The common general approach to calculate a^b mod c will give you the answer in milliseconds.
 
  • #3
It is supposedly solvable by hand, but I'm wondering if it was meant to calculate mod p-1 instead of p. Atleast that's what I'll conclude if no one finds another answer.

Also, it seems that the answer is 16 mod 683 as well. Perhaps there is some once-in-a-lifetime connection between 682 and 683 for this task?
 
  • #4
4^11 = 2^22 = 1 mod 683

I would expect that there is some way to get this from p-1=2*11*31.
The rest is easy, as 11112 = 11*1010 + 2.

4^6 = -2 mod 683 is quite interesting, too.
It is possible to calculate that by hand, but then you don't need the hint.
 
  • #5
4 is quadratic residue, so 4^(p-1)/2 = 1 mod p, but then i get 4^11*31 = 1 mod p, and i need to get rid of 31.. Otherwise i get stuck with 4^200 mod p. I'll try to figure something out, thanks for the help!
 
  • #6
GatorPower said:
Im looking through old exams for a course in Cryptography and have beaten my head against the wall for a long time on one of the questions:

p = 683 is a prime, p-1 = 2*11*31. What is x = 4^11112 mod p?

When i did chinese remainder theorem on primes 2,11,31 i got that x = 16 mod 682, but so far i have not found a way to use this in determining x mod 683..

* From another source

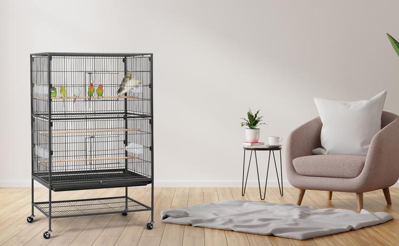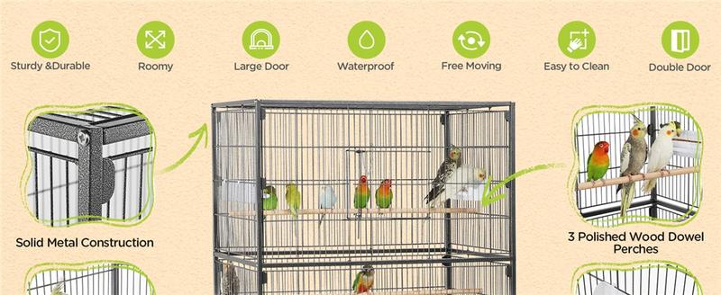 5. 【Safe & Secure】 The two front doors of this large bird cage are secured with latches to prevent your smart escape artists from opening the doors and keep them safe in the cage when you are not around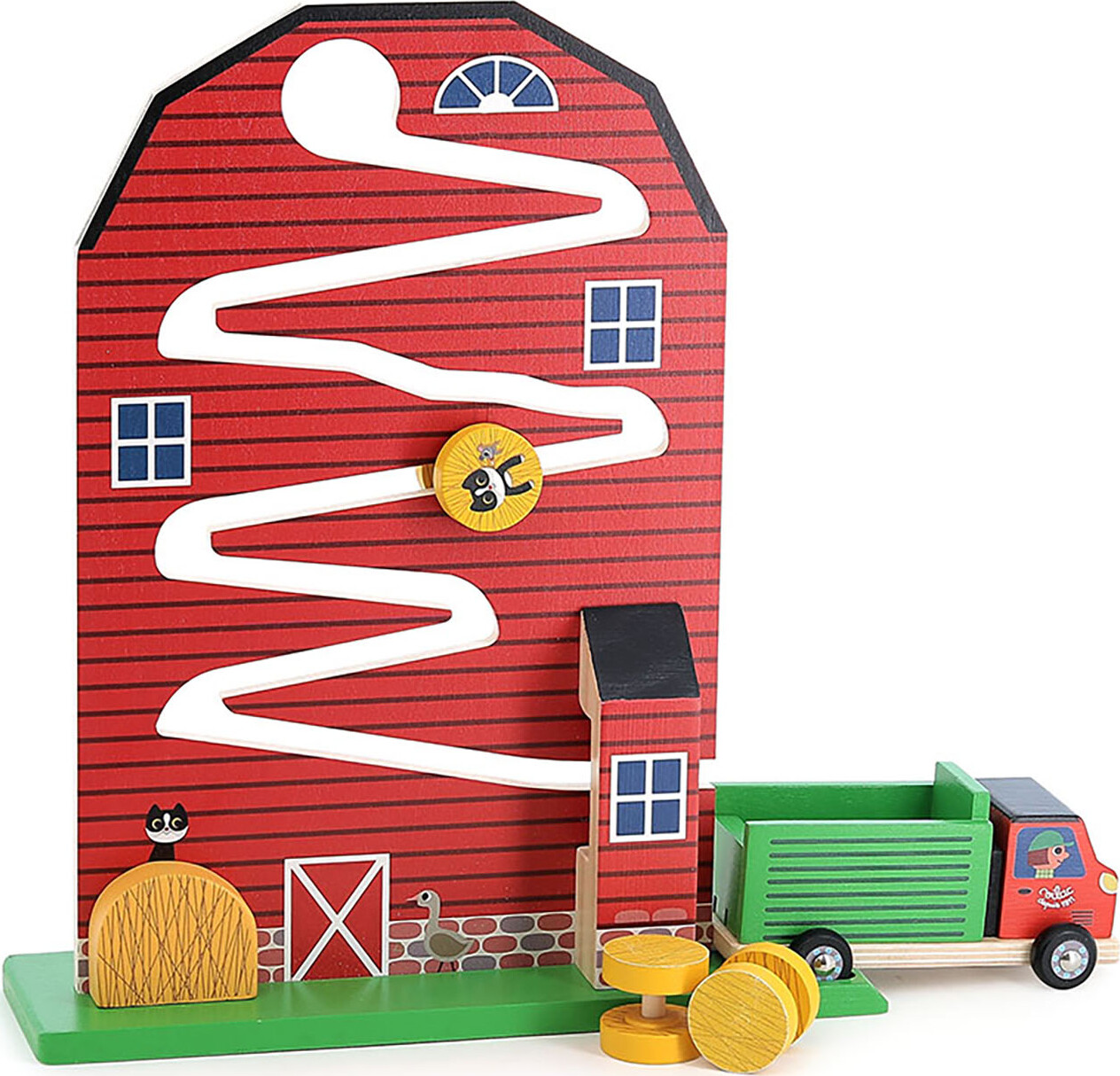 Sjovt aktivitetslegetøj med rullende halmballer, en sød kat og en lastbil med hjul. Hjælp...

Also, when computing discrete logs I have found that one goes from mod p to mod (p-1) alot, why is that?
The solution is to use Fermat's little theorm. To use that you need 11112 mod 682 not x mod 682.
 
  • #7
Fermat gives 4^11112 = 1*4^200 mod p, so that gets me a little further, but not quite there.
 
  • #8
GatorPower said:
Fermat gives 4^11112 = 1*4^200 mod p, so that gets me a little further, but not quite there.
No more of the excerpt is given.